Recent

Author Topic: accented char  (Read 9243 times)

Paolo

  • Hero Member
  • *****
  • Posts: 675
accented char
« on: August 08, 2021, 11:20:39 am »
Hello, I have a small program that read a text file row by row and display it in a ListBox.

Code: Pascal  [Select][+][-]
  1. procedure TForm1.OpenFile(const AFileName : string; ALstBox : TListBox; ALabel : TLabel);
  2. var
  3.   FilInp : TextFile;
  4.   Str1: string;
  5. begin
  6.   AssignFile(FilInp, AFileName);
  7.   try
  8.     Reset(FilInp);
  9.     while not(EOF(FilInp)) do begin
  10.       Readln(FilInp, Str1);
  11.       ALstBox.Items.Add(Str1);
  12.     end;
  13.   finally
  14.     CloseFile(FilInp);
  15.   end;
  16. end;
  17.  

but I am facing the following problems: it happens that opening two files with the "same content" (at least opened wiht a simple text editor) one is correctly displaied the other has the characters like à,è,etc.. diplayed with other simbols, I really don't understand way.

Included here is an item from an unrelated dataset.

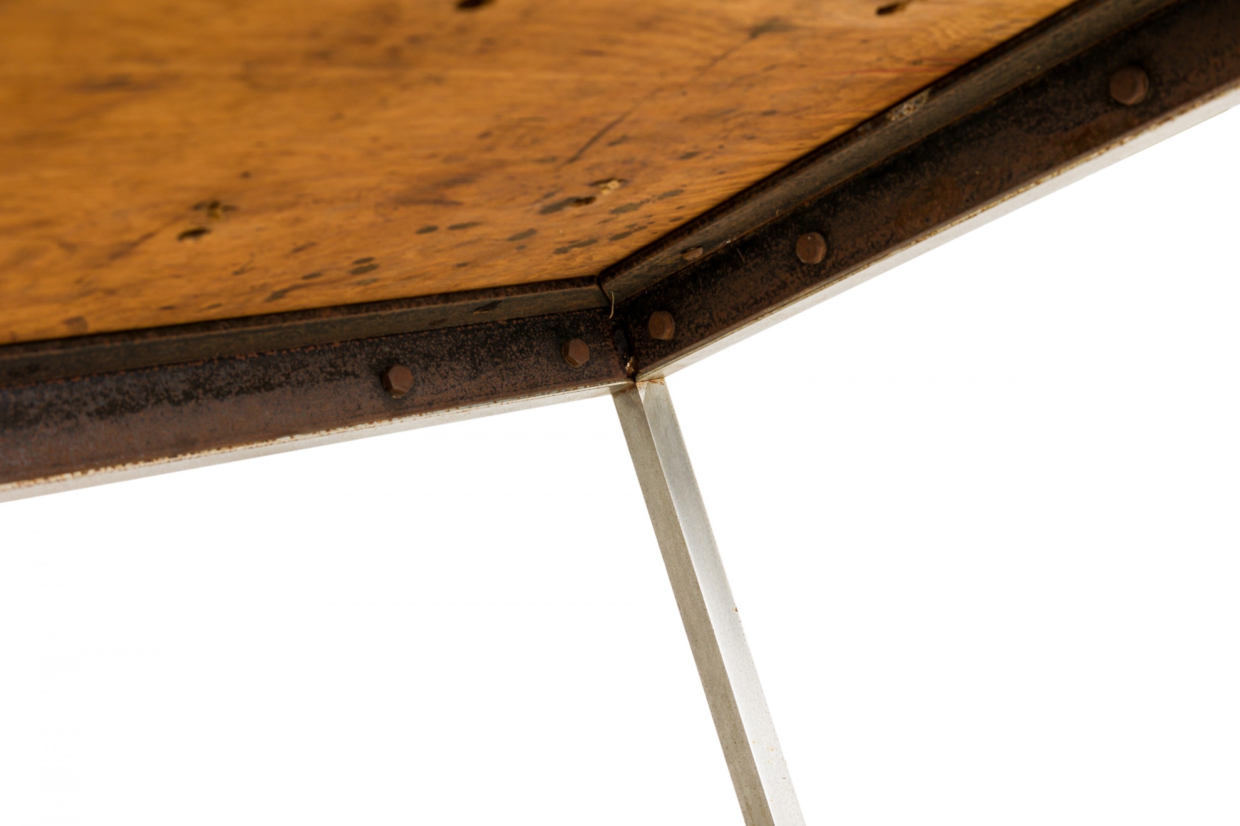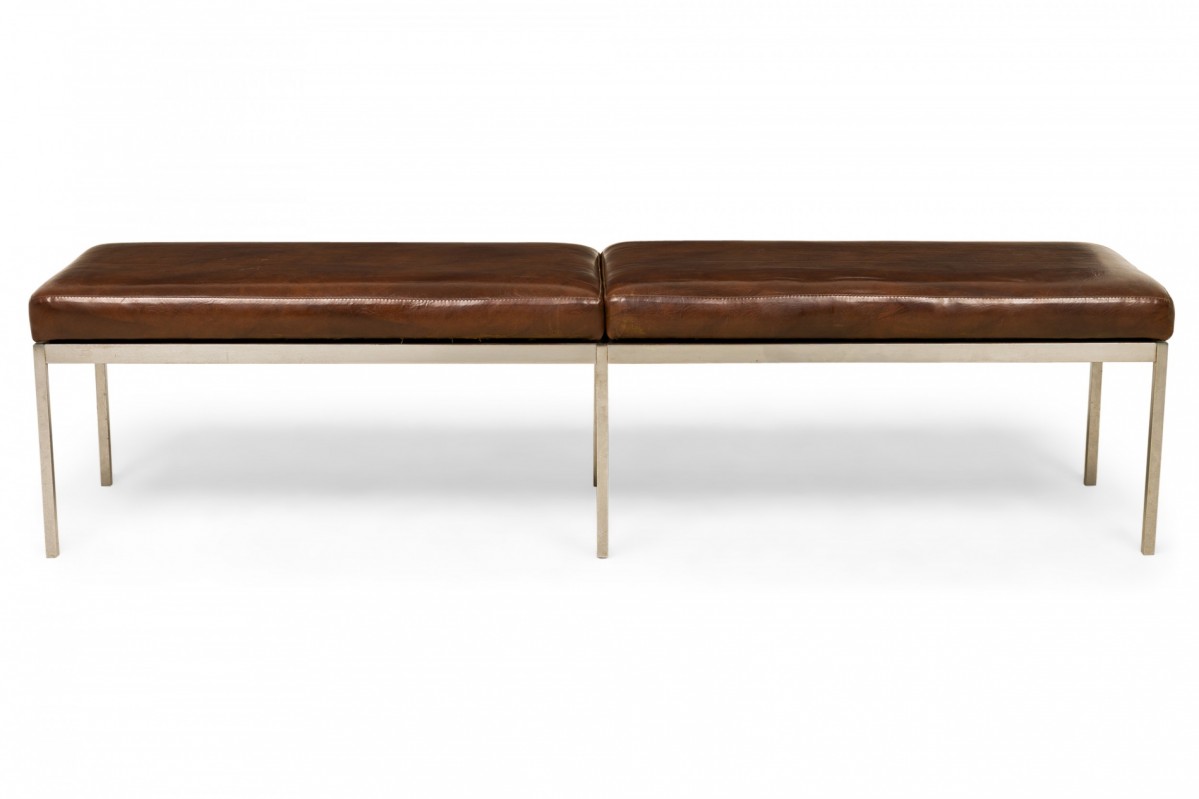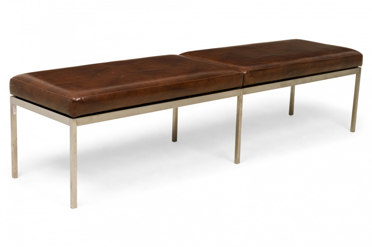 American Mid-Century rectangular bench with a two section chocolate brown leather upholstered seat resting on a square chrome tube frame.

NB: the file that has bad character is coming from a pc with win-7 pro and saved either on USB or CD-Rom, then it is opend on the my machine win-10 6abit

any help ?

win-10 64, laz 2.0.12, FPC 3.2.0

JuhaManninen

  • Global Moderator
  • Hero Member
  • *****
  • Posts: 4673
  • I like bugs.
Re: accented char
« Reply #1 on: August 08, 2021, 12:03:11 pm »
I am facing the following problems: it happens that opening two files with the "same content" (at least opened wiht a simple text editor) one is correctly displaied the other has the characters like à,è,etc.. diplayed with other simbols, I really don't understand way.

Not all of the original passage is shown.